Un impôt de 240 millions pour Electrabel

Vendredi 3 octobre 2008, le Conseil des Ministres belge a approuvé un avant-projet de loi qui impose aux exploitants nucléaires belges une contribution de 250 millions d’euros au budget de l’Etat 2008.

Sur proposition de M. Paul Magnette, ministre du Climat et de l’Energie, le Conseil des ministres a approuvé un avant-projet de loi procédant au prélèvement d’une contribution de 250 millions d’euros à charge des exploitants nucléaires. Ce montant devrait servir au financement d’un fonds pour soutenir les investissements dans les énergies renouvelables et les économies d’énergie. Pour les Verts, cette contribution est directement liée au prolongement de l’exploitation des centrales nucléaires.

A cette fin, la loi relative aux provisions constituées pour le démantèlement des centrales nucléaires et pour la gestion des matières fissiles irradiées dans ces centrales est modifiée (loi du 11 avril 2003). Cet avant-projet charge la société de provisionnement nucléaire (Synatom) de verser 250 millions d’euros à l’Etat fédéral en provenance du fonds constitué pour le démantèlement des centrales nucléaires.
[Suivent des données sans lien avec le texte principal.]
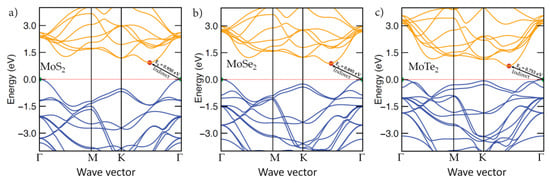 The SCAN-rVV10 computed band structures of bulk MoCh2(Ch = S, Se, Te) are shown in Figure 7. In all cases, an indirect bandgap transition between the valence band maximum (VBM) located at Γ and the conduction band minimum (CBM) located between K-Γ was found, a result which is in agreement with previous studies reported using DFT and higher-level calculations [32,151]. Although the SCF-level bandgap transition energies for MoCh2 were close to their corresponding experimental values, the non-SCF bandgaps were all underestimated (see Table 4). Despite this difference, the trend in the SCAN-rVV10-based bandgap energies across the three membered series is consistent with the experiment [34,35]. Our calculation suggests that both the Mo and S atoms contribute toward the formation of the VBM and CBM. In particular, it suggests that the 4d orbital of the Mo site contributes significantly both to the VBM and CBM, as does the np orbital of Ch (n = 3, 4 and 5 for S, Se and Te, respectively), although the 4d orbital contribution of Mo would be significant compared to that of the np orbital of S. For instance, the normalized contributions of the 4d(np) orbital of Mo(Ch) were 72.9 (20.9), 66.1 (27.9) and 58.5% (34.8%) for the VBM of MoS2, MoSe2 and MoTe2, respectively. The corresponding contributions for the CBM were 78.7% (18.7%), 77% (18.4%) and 75.6% (19.1%) for the three systems, respectively. That the 4p and np orbitals, respectively, of Mo and S collectively play a decisive role in determining the bandgap properties of MoCh2 systems is consistent with previous studies [107,152,153]. It is worth noting that the large contributions of Mo(4d) have emerged mainly from the 4dxy, 4dx2−y2 and 4dz2 orbitals, as has been noted by others [154] and that both the VBM and CBM show a significant metallic character.

Les exploitants nucléaires devront rembourser ce montant à la société de provisionnement nucléaire au prorata de leur quote-part dans la production d’électricité par fission nucléaire. Concrétement, Electrabel devrait y contribuer à hauteur de 240 millions, et SPE 10 millions.

Selon GDF Suez, premier concerné, cet impôt "exceptionnel" représente à lui seul "plus de 2% de la totalité de l’impôt payé par l’ensemble des entreprises en Belgique"

Pour le groupe, cette décision va à l’encontre des accords conclus en 2006, qui prévoyaient une "concertation structurée et (…) un cadre légal, réglementaire et régulatoire stable, favorable à de nouveaux investissements du groupe en Belgique."

L’avant-projet détermine que cette contribution obligatoire ne peut être répercutée sur le consommateur final.

A cette fin, il renforce les compétences de la CREG en matière de contrôle, afin qu’elle puisse dépister les infractions au monitoring des activités libéralisées dans le secteur de l’électricité et du gaz naturel. Le  régulateur CREG pourra disposer, à l’avenir, d’un corps d’officiers de police judiciaire. La CREG note que cette disposition lui garantira l’accès aux informations des entreprises du secteur de l’électricité et du gaz pour vérifier, notamment, qu’elles ne répercutent pas le coût de la contribution précitée sur la facture des consommateurs.

En juin 2008, la CREG s’était déjà vu confier de nouvelles compétences en matière de monitoring du marché de l’électricité et du gaz, dans le but de veiller aux intérêts essentiels du consommateur et à l’intérêt général.